Below are some records. Set down exactly the line holding "Osoby, chcące wyrazić" and every later line through the end, omitting the pictures.
====================
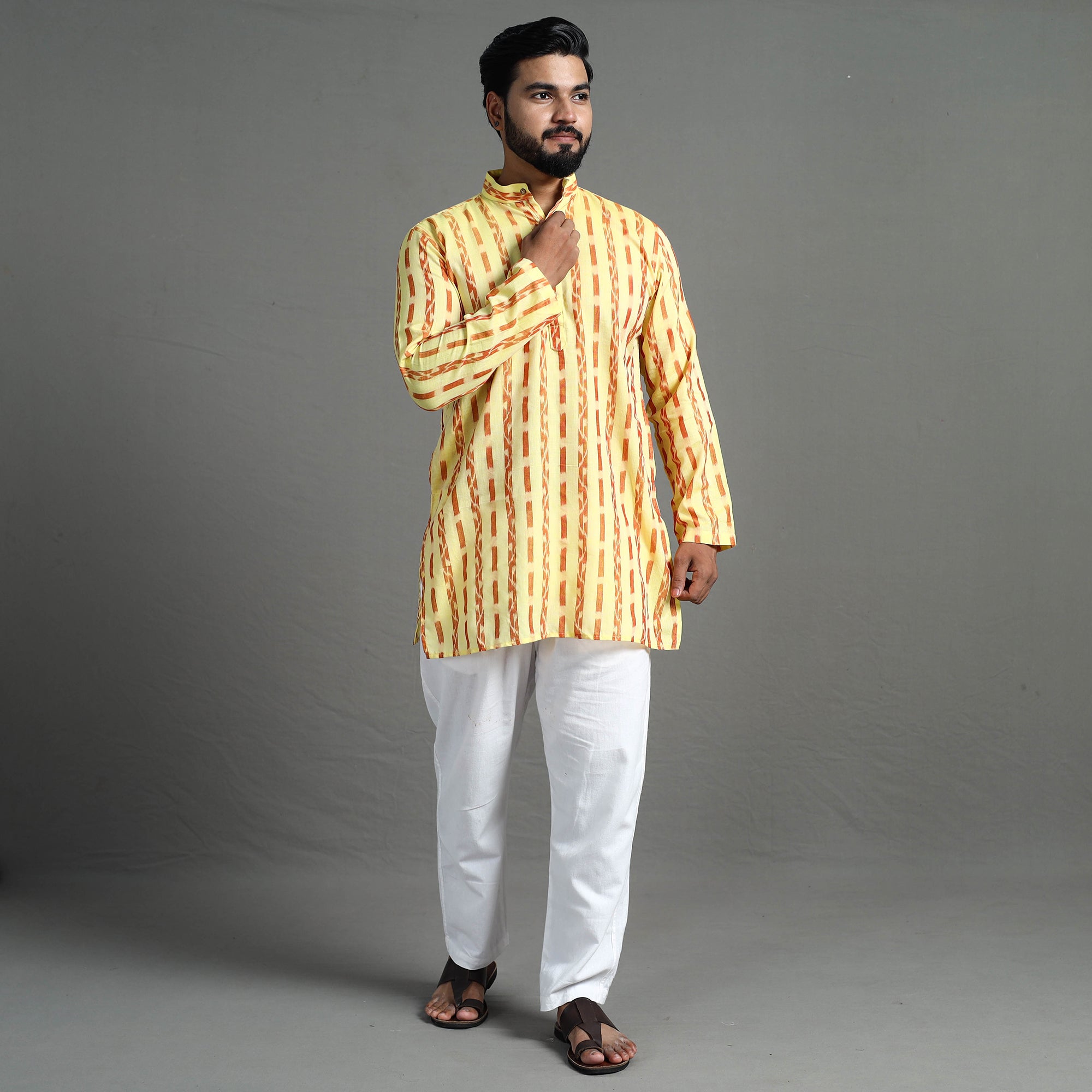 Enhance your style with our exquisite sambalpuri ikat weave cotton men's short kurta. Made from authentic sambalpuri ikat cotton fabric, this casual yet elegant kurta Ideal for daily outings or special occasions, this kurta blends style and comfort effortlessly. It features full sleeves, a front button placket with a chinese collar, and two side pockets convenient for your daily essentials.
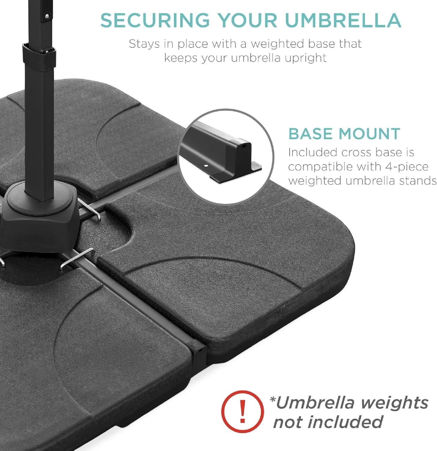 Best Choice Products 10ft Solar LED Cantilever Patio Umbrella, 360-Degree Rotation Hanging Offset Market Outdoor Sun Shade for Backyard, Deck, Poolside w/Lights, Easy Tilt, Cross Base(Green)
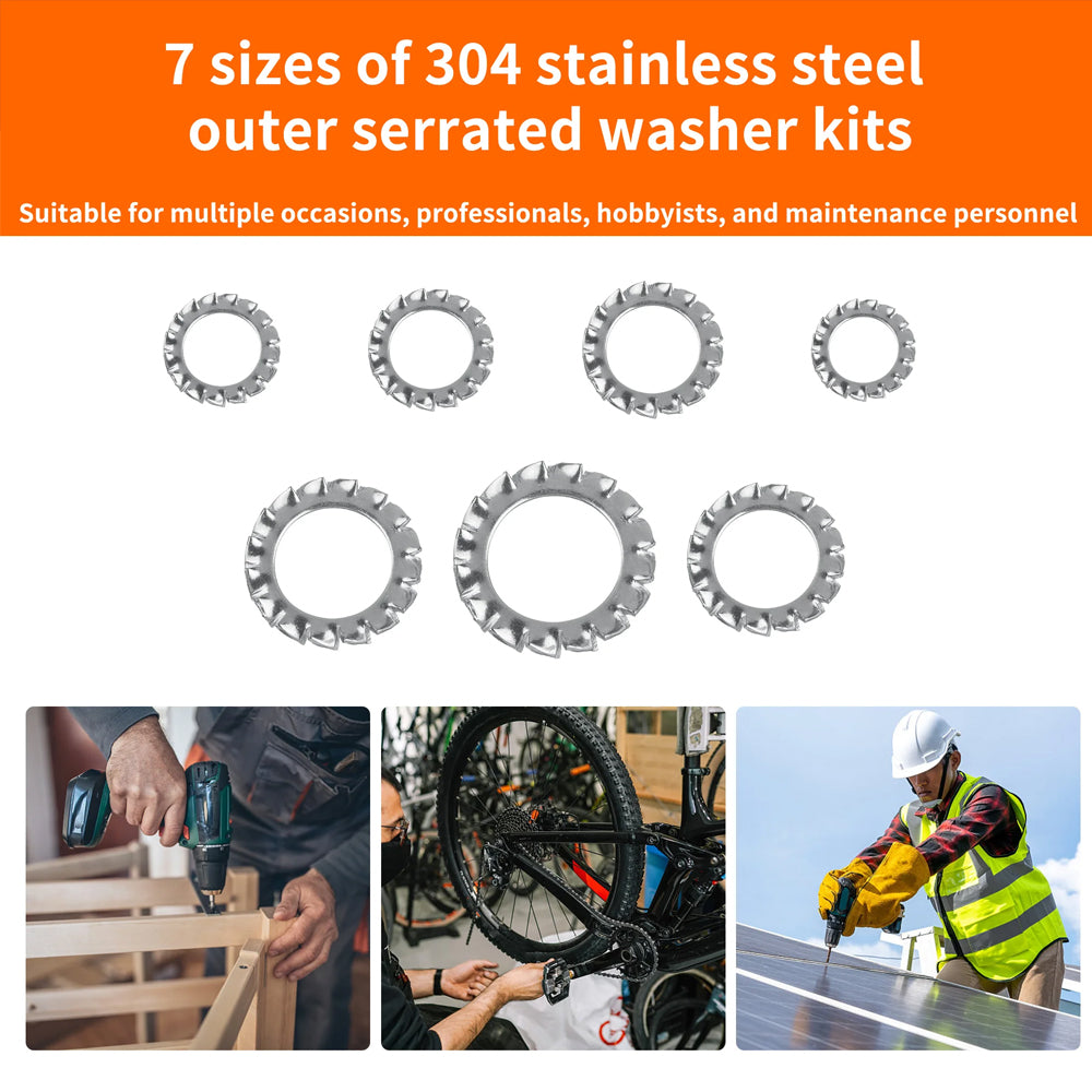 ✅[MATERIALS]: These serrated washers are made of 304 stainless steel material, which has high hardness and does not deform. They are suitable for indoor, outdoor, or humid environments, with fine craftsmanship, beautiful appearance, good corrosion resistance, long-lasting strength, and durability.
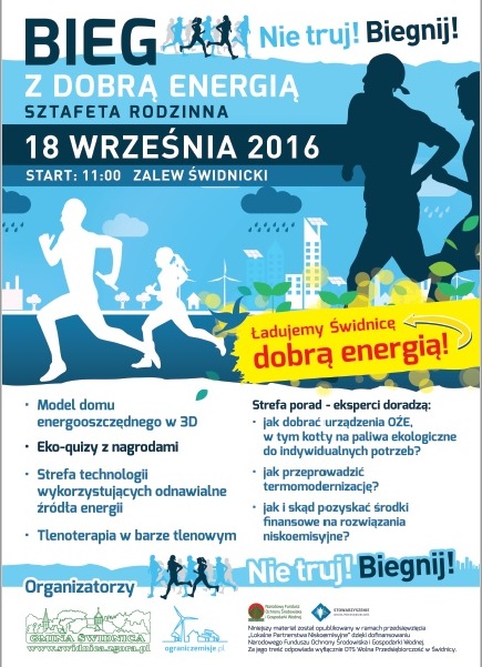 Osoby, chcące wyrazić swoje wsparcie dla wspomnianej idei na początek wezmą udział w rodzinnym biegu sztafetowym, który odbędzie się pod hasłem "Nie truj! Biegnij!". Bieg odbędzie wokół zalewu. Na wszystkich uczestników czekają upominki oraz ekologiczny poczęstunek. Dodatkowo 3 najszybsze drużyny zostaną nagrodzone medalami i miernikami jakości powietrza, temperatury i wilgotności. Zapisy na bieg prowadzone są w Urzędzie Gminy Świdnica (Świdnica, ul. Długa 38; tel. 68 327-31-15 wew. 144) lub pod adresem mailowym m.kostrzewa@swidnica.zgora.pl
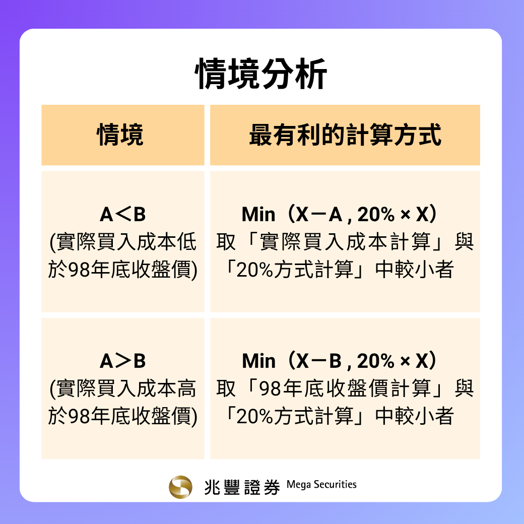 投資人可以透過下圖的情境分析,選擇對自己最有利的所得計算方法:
====================
## Problem solution
 Osoby, chcące wyrazić swoje wsparcie dla wspomnianej idei na początek wezmą udział w rodzinnym biegu sztafetowym, który odbędzie się pod hasłem "Nie truj! Biegnij!". Bieg odbędzie wokół zalewu. Na wszystkich uczestników czekają upominki oraz ekologiczny poczęstunek. Dodatkowo 3 najszybsze drużyny zostaną nagrodzone medalami i miernikami jakości powietrza, temperatury i wilgotności. Zapisy na bieg prowadzone są w Urzędzie Gminy Świdnica (Świdnica, ul. Długa 38; tel. 68 327-31-15 wew. 144) lub pod adresem mailowym m.kostrzewa@swidnica.zgora.pl
 投資人可以透過下圖的情境分析,選擇對自己最有利的所得計算方法:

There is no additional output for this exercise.